A key finding of this work is the finding of dose-dependent surface crystallisation as the dominant structural feature that controls drug transport. SEM analysis shows the evolution from a homogeneous polymer–drug system to a phase-separated system with crystalline domains localised on the surface by increasing DEX content. The observed behaviour is consistent with supersaturation-induced nucleation during rapid solvent evaporation, where limited drug solubility in the polymer matrix favours migration to energetically favourable interfaces. Similar phase separation phenomena have been reported in electrospun systems, but their implications for biological performance have rarely been systematically explored. This observation is in line with previous work by Rasti Boroojen et al., who observed weak polymer–drug interactions in PCL/gelatin/DEX systems but did not systematically explore dose-dependent surface crystallisation and its immunomodulatory consequences.

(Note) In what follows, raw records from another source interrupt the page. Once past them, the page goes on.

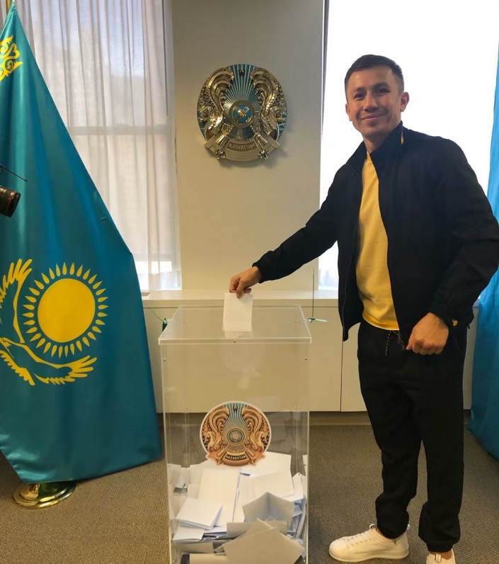 Казахстанский боксер Геннадий Головкин проголосовал на выборах президента Казахстана на избирательном участке в Нью-Йорке. Фотографию, на которой спортсмен опускает в урну избирательный бюллетень, он выложил в своем Instagram.
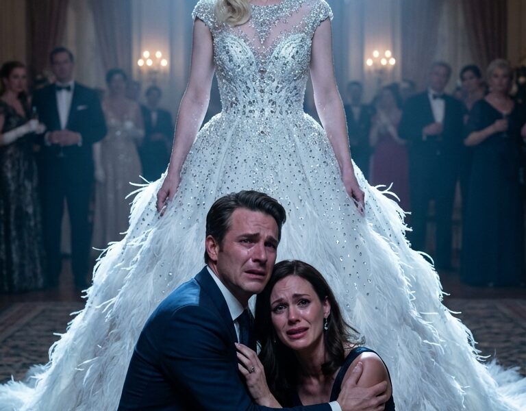 I checked my reflection in the rearview mirror. The woman looking back wasn’t the gardener. My hair, usually in a messy bun, fell in sculpted Hollywood waves. My dress was midnight-blue velvet, heavy and regal, encrusted with crushed real diamonds that caught the light like a trapped galaxy. Around my neck hung the Star of Aurora, a sapphire pendant so massive it felt like a cold weight against my sternum.
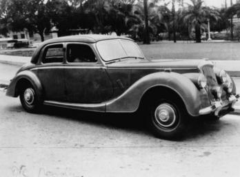 | Keywords: StateLibQld 1 121984 1950 Riley 2 1-2 litre four door saloon.jpg en 1950 Riley 2 1/2 litre four door saloon The Riley 2 1/2 litre RM series saloons combined a sporting drive and comfortable wood-and-leather interior with an elegant but old-fashioned body The body was made using the pre-WW2 technique of steel panels over a wooden frame and the fixed roof was covered in fabric - the payoff being a low centre of gravity for good cornering The 2443cc four cylinder engine while also a pre-war carryover had twin camshafts and developed 90 bhp Riley built their first car in 1898 and became part of William Morris's Nuffield Group in 1938 but remained quite individual in their design This photograph was taken at New Farm Park in Brisbane 1950 handle 10462/deriv/109609 Item is held by John Oxley Library State Library of Queensland Contributor s Queensland Newspapers Pty Ltd PD-Australia StateLibQld-License Automobiles of Australia New Farm Queensland 1950 in Queensland Black and white photographs Riley 2½ RMB saloon 1950 |

The correlation of the morphology to release kinetics demonstrates that the transport behaviour is directly controlled by this phase transition. At higher loading (PG2), surface drug dominates and leads to a burst release profile, while at intermediate loading (PG1), a mixture of surface-accessible and matrix-embedded drug provides a balanced release regime. This is a key difference as it shows not only the increased amount of release due to drug loading but also a change in the release mechanism from diffusion-controlled to surface-dominated transport.
Importantly, these differences in release behaviour directly influence the biological response. Both PG1 and PG2 demonstrate a significant suppression of pro-inflammatory cytokines, confirming the bioactivity of dexamethasone after the electrospinning. But the increased release rate of PG2 results in increased local concentrations of drug, which are associated with decreased fibroblast viability. PG1, in contrast, displayed high cytocompatibility and comparable anti-inflammatory efficacy. The results suggest that controlled release, rather than rapid release, can improve the ability to sustain therapeutic function without cytotoxic effects.

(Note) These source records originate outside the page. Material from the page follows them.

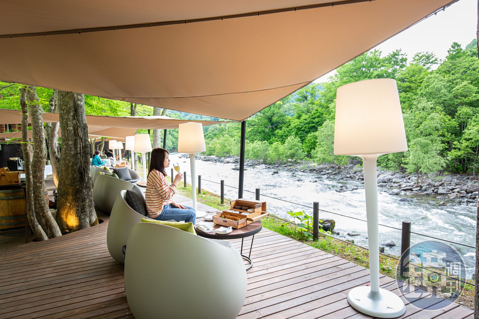 奧入瀨溪流有讓人上癮的魔力。在溫度稍低的清晨,我一早來體驗「溪流露台早餐」,從露台往外望,水流因高低差傾瀉而下,視覺張力令人百看不厭,我窩進鵝卵石造型椅裡,醉心於美景,此時笑容可掬的服務生,拎來木質野餐盒,裝滿菠菜培根鹹派、蔬果沙拉、生火腿可頌、義大利蔬菜濃湯、堅果優格,以調味恰到好處的西式早餐佐景,也消融了早起的疲憊。
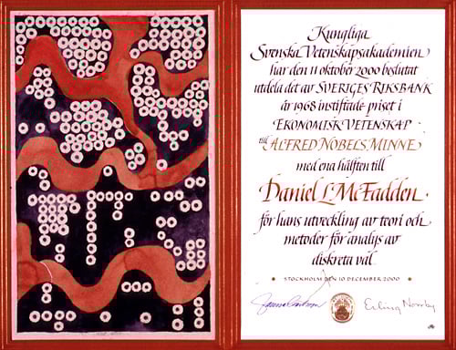Daniel L. McFadden Diploma Navigate to: Summary- James J. Heckman-- Facts-- Biographical-- Prize Lecture-- Banquet speech-- Prize presentation-- Interview-- Diploma-- Photo gallery-- Other resources Prize announcement Press release Popular information Advanced information Award ceremony video Award ceremony speech Banquet video Copyright © The Nobel Foundation 2000 Artist: Nils G. Stenqvist Calligrapher: Annika Rücker Go to the top of the page
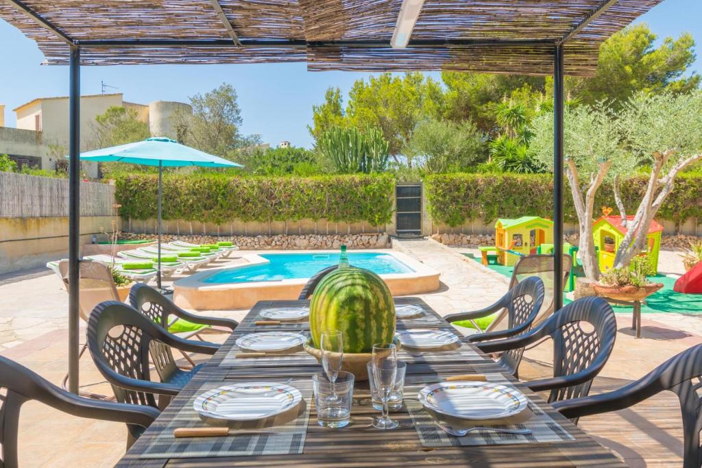 El Can Cantari es un chalet con jardín situado en Sa Coma. Dispone de patio, porche y zona de barbacoa.

This result exemplifies the fundamental design principle that the maximisation of drug loading does not equal the optimisation of therapeutic performance. Instead, there is a dose-dependent window of performance balancing drug distribution, release kinetics and biological compatibility. The current system has an optimal regime matching PG1, which allows for adequate drug availability to modulate macrophages without excessive burst release and structural compromise. To our knowledge, such a non-monotonic performance window, where intermediate loading (1 wt%) outperforms higher loading (2 wt%) for the combined metrics of release kinetics, cytocompatibility, mechanical integrity, and anti-inflammatory efficacy, has not been previously demonstrated in electrospun dexamethasone delivery systems.
This interpretation is further supported by mechanical and degradation analyses. The increase in the drug content leads to microstructural heterogeneity, which reduces the mechanical integrity by disrupting the polymer chain interactions and creating stress concentration sites. On the other hand, the degradation behaviour is controlled by the PCL/gelatin matrix, with gelatin resulting in a controlled hydrolytic degradation without significant pH change. Together, these results suggest that structural and functional properties are closely related and that drug-induced phase behaviour needs to be considered with mechanical and degradation performance in material design.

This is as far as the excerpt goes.